With real live celebrities reveling in the audience and larger-than-life talent competing onstage for trophies, cash and legendary status in the house and ball scene, GMHC’s 29th Annual Latex Ball, held June 22, was a characteristically over-the-top spectacle that never disappointed.
Tony-winning actor and Pose star Billy Porter and Star Trek: Discovery and 13 Reasons Why actor Wilson Cruz were among the 3,000 fans who packed the live music venue Terminal 5 in New York City’s Hell’s Kitchen to celebrate this year’s theme, “Heavenly Bodies.” The event paid tribute to the stars living on earth and, to paraphrase the event’s organizers, “those who shine like stars in the heavens…but we lost too soon…due to AIDS, transphobia and other challenges that plague our community.” The ball also paid homage to the Metropolitan Museum’s current exhibition Heavenly Bodies: Fashion and the Catholic Imagination in fabulously blasphemous ball fashion via such categories as Butch Queen Face: Angels in America, Fem Queen Body: You Are the Heavenly Body and more.
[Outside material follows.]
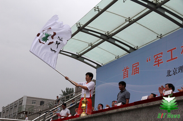 王承文为来自北理工的“军工杯”足球运动员代表授予“军工杯”足球赛旗帜。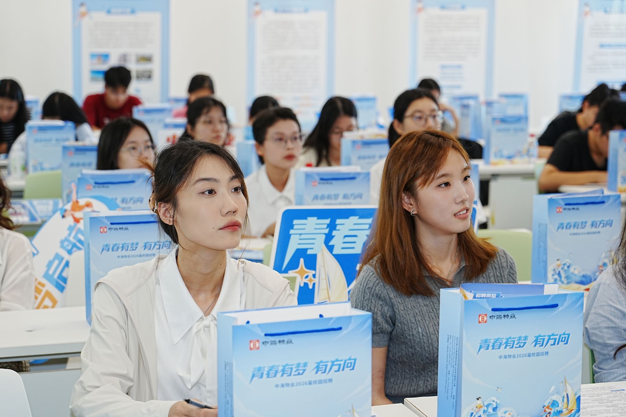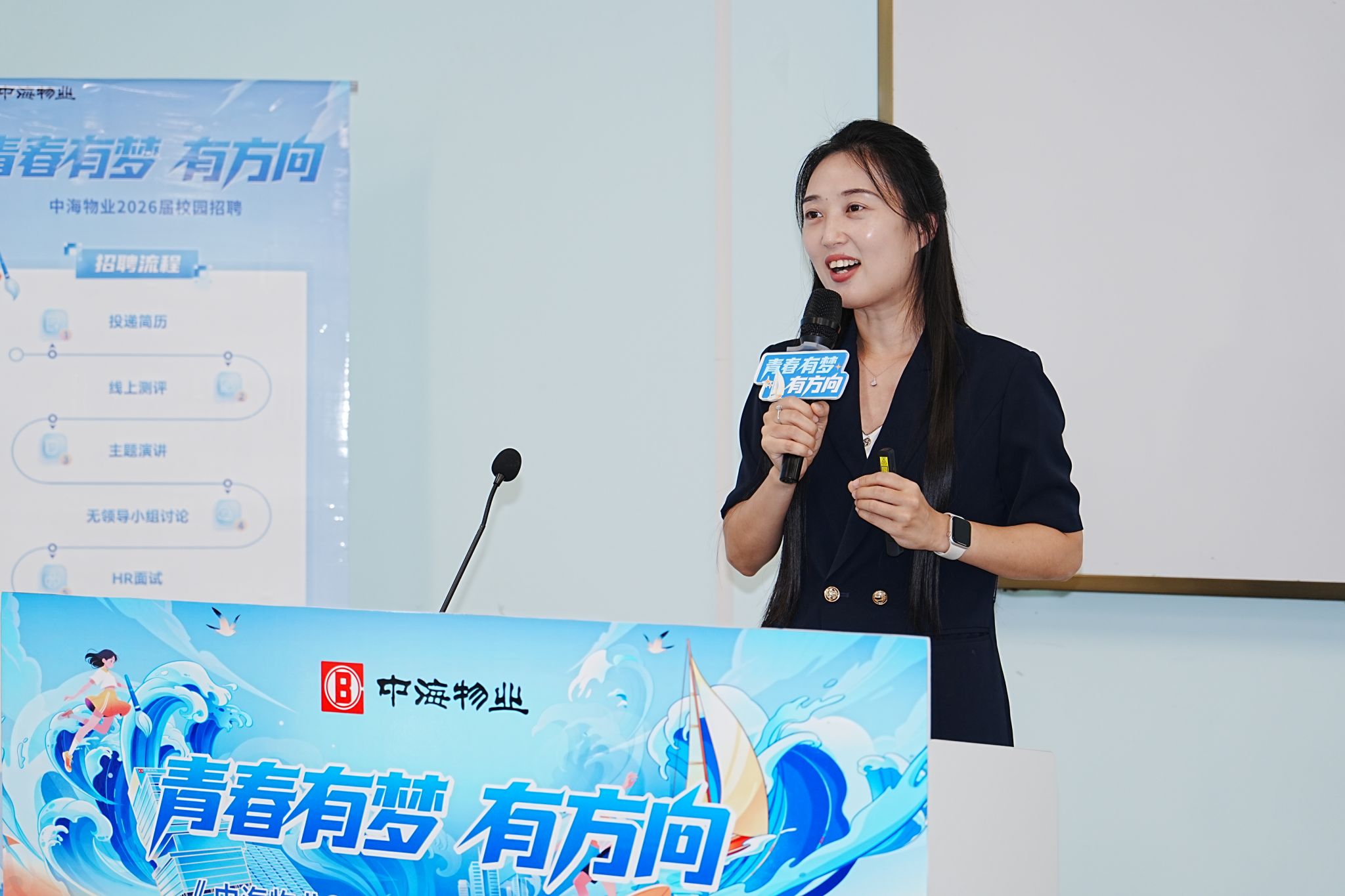 中海物业集团人力资源部副总经理何承围绕企业发展历程、管培生培养体系及校企合作成果作了专题分享。她回顾了中海物业自1986年创立以来的发展历程,重点介绍了作为“首批在港上市的物业央企”的品牌实力与多元业态布局。人事行政部经理奚萌指出,中海物业高度重视青年人才的系统化培养,构建了“选、育、用、留”全周期管培体系,并通过“管培生先锋队”“高潜训练营”等项目助力青年快速成长。任建兴总经理指出树立正确的择业观,是迈向成功职业生涯的第一步。同学们应主动认清自身的兴趣与优势,勇于在多元化的岗位中寻找适合自己的舞台,更要不怕吃苦,唯有在实践中经风雨、见世面,才能增长才干,最终成就一番事业。

The event also honored a true legend in the ball world, Hector Xtravaganza, who died of lymphoma earlier this year and was last seen at the Latex Ball as a judge last year. An HIV-positive advocate and activist, Xtravaganza participated in the first Latex Ball, in 1990, and did outreach via his work as a volunteer for GMHC as well as via his role as grandfather of the House of Xtravaganza. Before announcing the Butch Queen category that called for competitors to “bring the innovative spirit of Hector” by showing off their own interpretation of Xtravaganza’s iconic tuxedo gown suit (a look Billy Porter revived for the Oscars red carpet this year) from an early ball, emcee Jack Mizrahi called for applause to celebrate Xtravaganza’s life and a moment of silence to honor his death.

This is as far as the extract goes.